Looking at the differences between the iotop outputs of the server displaying the problem and the seemingly identical server that had no problem, the only differences were flush-202 and php-fpm. This got me thinking that, while a long shot, perhaps it was a problem related to the PHP configuration.

Now, this part wasn't ideal - but since none of the services running on the live server would suffer from a few minutes of downtime it didn't really matter. To narrow down the problem, all the major services (postfix, dovecot, imapproxy, nginx, php-fpm, varnish, mysqld, varnishncsa) on the live server were stopped, and the iotop test rerun - there was no elevated disk i/o. The services were restarted in 3 batches, leaving php-fpm until the end. After each batch of restarts, the iotop test confirmed that there was no issue. Once php-fpm was started the issue returned. (It would have been easy enough to simulate a few PHP requests on the test server, but at this point, I wasn't sure it was actually PHP).

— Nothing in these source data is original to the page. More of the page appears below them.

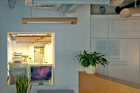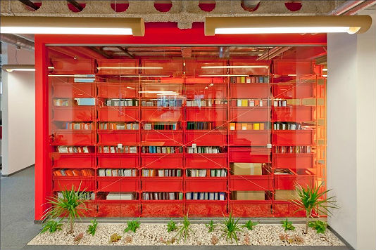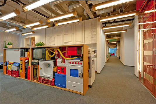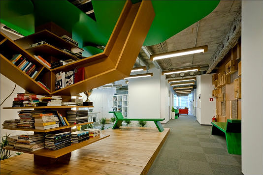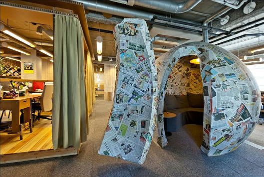 Интерьер офиса полностью создан из вторично переработанных материалов. Таким образом компаниям удалось объединить творчество с дизайном, дружественным окружающей среде.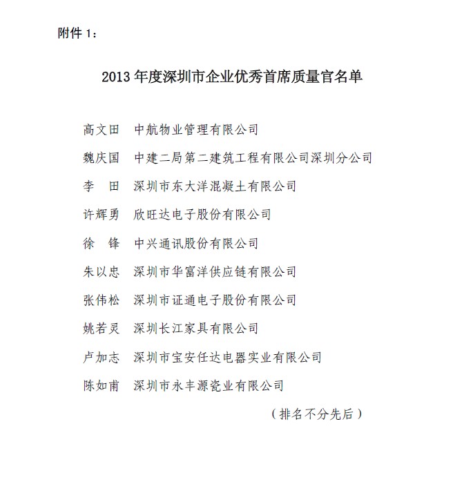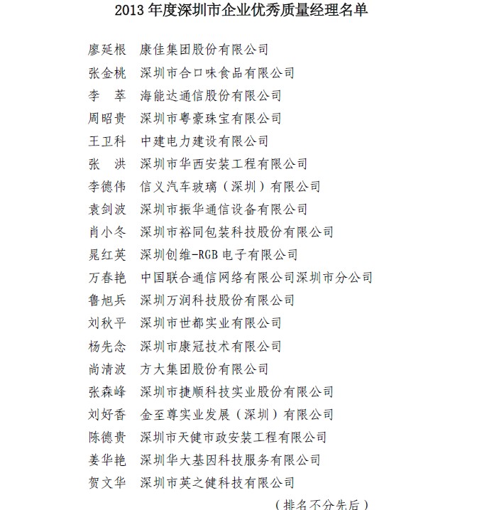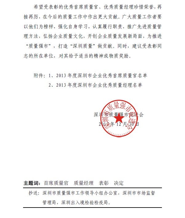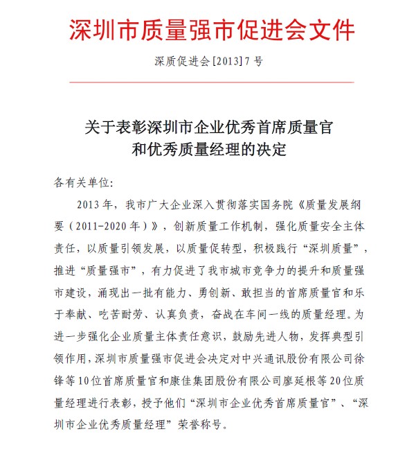 关于表彰深圳市企业优秀首席质量官和优秀质量经理的决定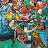Through a romantic and earthy palette of terracotta reds and an approach that borders on abstraction, the artist expresses the intrinsic charm and spiritual essence of the Loess Plateau. The brushwork is dynamic and textured, conveying the rugged and raw beauty of the landscape. The use of earth tones, combined with vibrant splashes of color, reflects the rich tapestry of the land, from its fertile soil to the varied hues that come with the changing seasons. The composition is layered and complex, much like the Plateau itself, with each brushstroke and color choice contributing to an overall sense of depth and vitality. The artwork goes beyond a literal interpretation of the terrain, offering instead a visceral and emotive representation that seeks to connect viewers to the land's ancient and enduring spirit.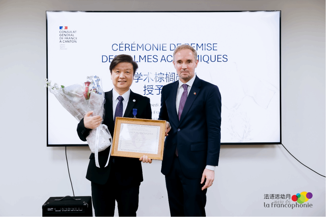 3月28日,法国学术棕榈骑士勋章授勋仪式在广州法语联盟举行。法国驻广州总领事罗宏灵(Laurent Legodec)代表法国国民教育部授予乐天堂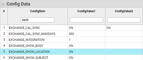 - EXCHANGE_INTEGRATION must have ConfigValue1 set to 1.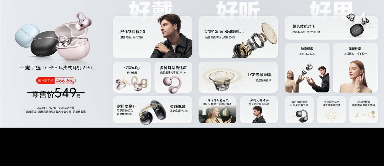 【大力财经】11月24日,荣耀500系列新品发布会重磅举行,正式发布荣耀亲选LCHSE耳夹式耳机2 Pro(以下简称为荣耀耳夹耳机2 Pro)。荣耀耳夹耳机2 Pro在外观设计、佩戴舒适度、音质表现、续航能力、交互体验及AI翻译等方面带来全方位越级体验,是同档位综合性能最均衡的耳夹耳机。荣耀耳夹耳机2 Pro于11月27日10:00全渠道正式开售,国补到手价466.65元。
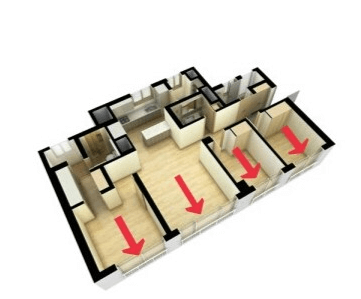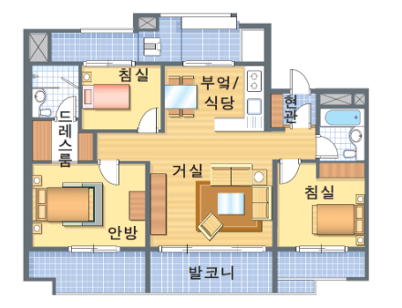 30평대 아파트의 형태는 대부분 안방, 거실, 안방 1, 안방 2를 가진 포베이 구조를 가지고 있습니다.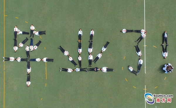 集體大合照結(jié)束后,學(xué)生們分散到校園各個(gè)角落拍照。在經(jīng)世廣場(chǎng),校方提供了巨型“學(xué)生證”等展板供學(xué)生合影。在足球場(chǎng),一些學(xué)生平躺在操場(chǎng)擺出“畢業(yè)了”的造型,換一個(gè)視角定格即將逝去的大學(xué)青春時(shí)光。
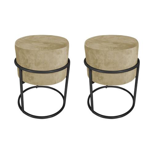 Tipo: Puff Redondo Modelo: Decorativo Cor Tecido: Bege Tecido: Veludo Cor da Base: Preto Base em Ferro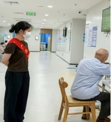 钟幸仪同志走进广东药科大学附属第一医院,开展“医路童行・薪火传承” 导医导诊志愿服务,4 小时坚守门诊、体检区域服务岗位。她为就诊患者和市民提供专业就医指引,重点协助不会使用电子产品的老年群体完成自助挂号、缴费等操作,把为人民服务的宗旨融入每一次指引、每一次按键,让基层医疗服务更有温度,以平凡小事彰显党员的先进性。

Unfortunately, the server would be rather pointless without PHP, so this wasn't an ideal conclusion. However, since flush-202 seemed to suggest something relating to memory (despite having ample free memory), I decided to disable APC. Rerunning the iotop test showed that disk i/o levels were normal. A closer look into the matter showed that mmap was enabled, and that apc.mmap_file_mask was set to /tmp/apc.XXXXXX (the default for this install). That path sets APC to use file-backed mmap. Simply commenting this line out (therefore using the default - anonymous memory backed) and rerunning the iotop test showed the problem was resolved.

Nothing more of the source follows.